Davanti a Ereškigal e ai sette giudici Anunna, Inanna viene guardata con uno sguardo di morte, le si rivolge una parola che è malattia e un grido d’odio. Viene trasformata in cadavere e appesa a un gancio (rr. 164–172). Dopo tre giorni e tre notti, Ninšubur esegue esattamente il compito: piange, si veste da povero, suona il tamburo, va da Enlil, poi da Nanna, e pronuncia le formule rituali per salvare Inanna (rr. 173–189; 195–203). Ma sia Enlil, sia Nanna rifiutano di intervenire, sostenendo che i ME degli Inferi sono poteri che non si devono desiderare: chi va laggiù resta intrappolato (rr. 190–194; 204–208). La morte di Inanna è la conseguenza del voler estendere il suo dominio anche agli Inferi. Gli dèi Enlil e Nanna rappresentano un ordine severo e immutabile: chi supera i limiti tra i mondi paga con la morte. Ninšubur incarna la fedeltà asso-luta e la funzione sacerdotale di lamento e intercessione.

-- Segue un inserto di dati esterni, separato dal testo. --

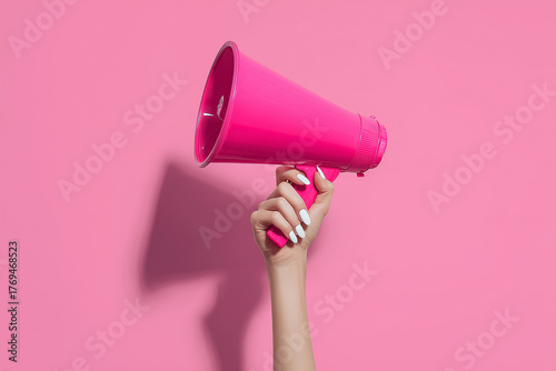 megaphone, holding, hand, woman, pink, background, announcement, communication, voice, speak, shout, loud, attention, message, marketing, protest, broadcast, advertising, alert, urgent, news, sale, promo, female, feminism, empowerment, power, loudspeaker, amplifier, studio, vibrant, colours, bright, bold, manicure, pop art, minimal, minimalist, copy space, speaker, shouting, speech, object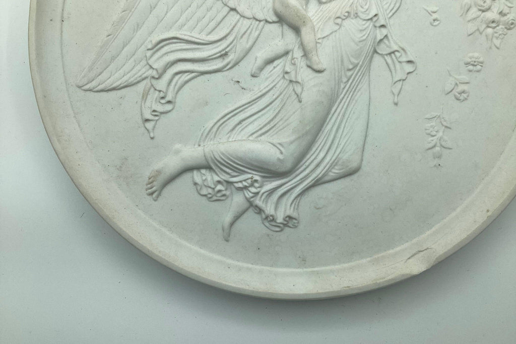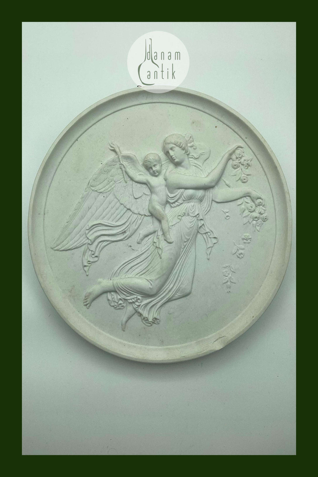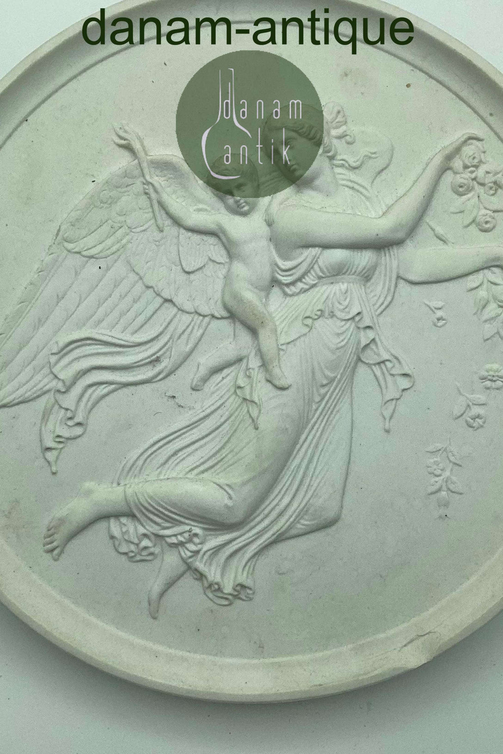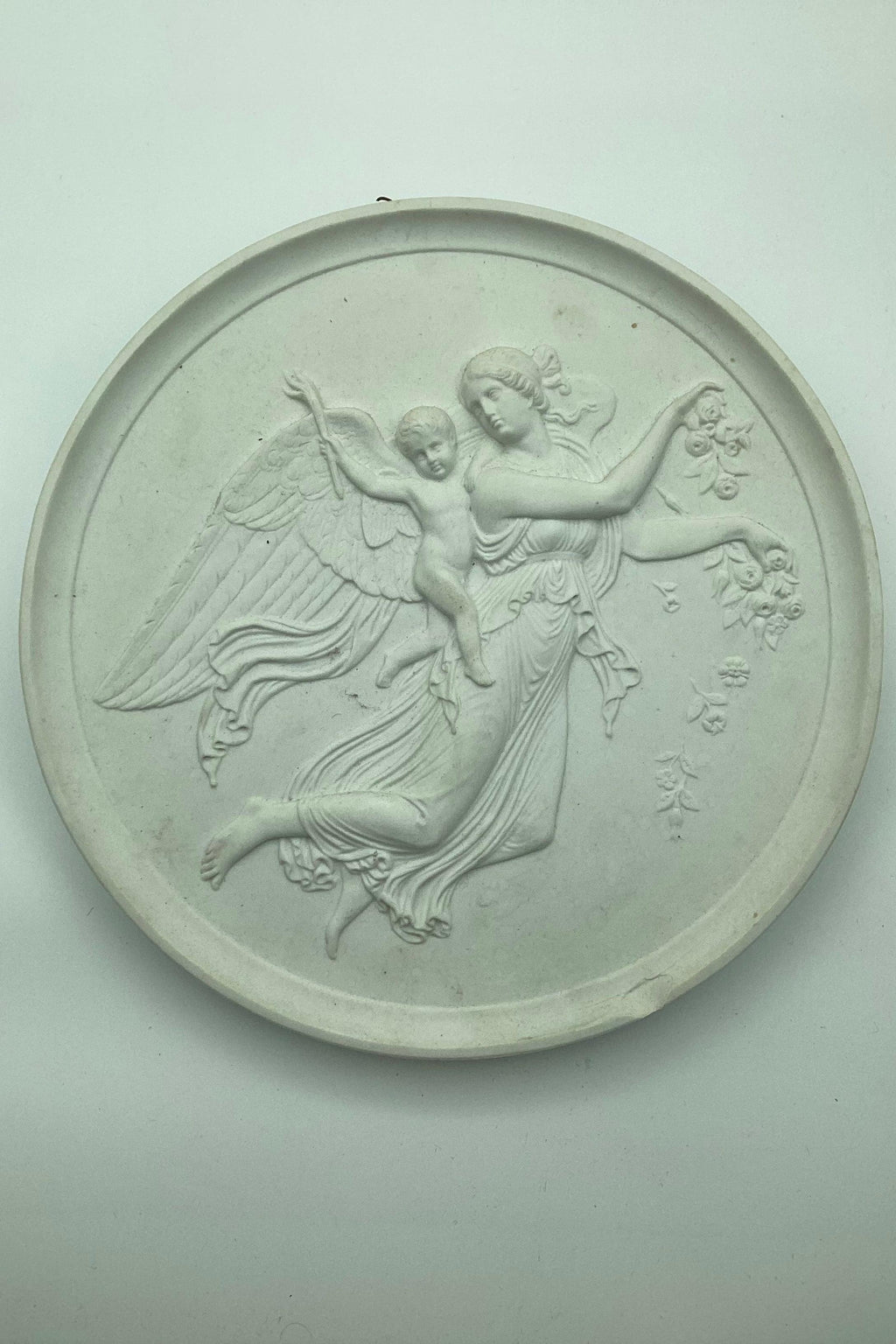 Bertel Thorvaldsen: Royal Copenhagen Biscuit Platte "Dagen". Kopi fra 1840 after Thorvaldsens original fra Rom 1815. Måler 26cm (10.23 inch). På kanten nederst et skår ! Fremstillet i slutningen af 19. århundrede.

Da Enki, invece, Ninšubur ottiene una reazione diversa: Enki si mostra preoccupato per Inanna (rr. 217–220). Con lo sporco sotto la sua unghia crea due esseri speciali, kurĝara e galatur, a cui dà la pianta e l’acqua della vita (rr. 220–225). Enki spiega loro la strategia: dovranno scendere negli Inferi, trovare Ereškigal mentre soffre, empatizzare con il suo dolore (“Oh, il mio interno” / “Oh, il mio esterno”) e rispondere con compassione (rr. 226–245). Quando lei chiederà chi siano e offrirà doni (acqua come un fiume, un campo di orzo), loro dovranno rifiutare e chiedere invece il cadavere che pende dal gancio (rr. 246–253). Il piano riesce: Ereškigal, toccata dalla loro empatia, fa giuramento e concede il cadavere (rr. 263–272). I due esseri versano su Inanna acqua e erba della vita, e lei risorge (rr. 273–281). Enki rappresenta la sapienza salvifica e l’ingegno magico-rituale. Non sfida frontalmente gli Inferi, ma usa l’empatia e il giuramento sacro per ottenere ciò che è vietato. La morte non è più assoluta: grazie a un intervento sapiente, è possibile un ritorno alla vita.

Quando Inanna risale, gli Anunna la fermano: nessuno può usci-re dagli Inferi senza che qualcuno prenda il suo posto (rr. 282–289). Inanna risale scortata da demoni galla, esseri che non conoscono cibo, acqua, doni, amore, famiglia; la loro funzione è strappare persone dalle relazioni umane (rr. 290–305). Il mondo degli Inferi esige un equilibrio di vite: per una vita che ritorna, un’altra deve scendere. I galla sono la personificazione del lato spietato e impersonale della morte, che interrompe la gioia umana.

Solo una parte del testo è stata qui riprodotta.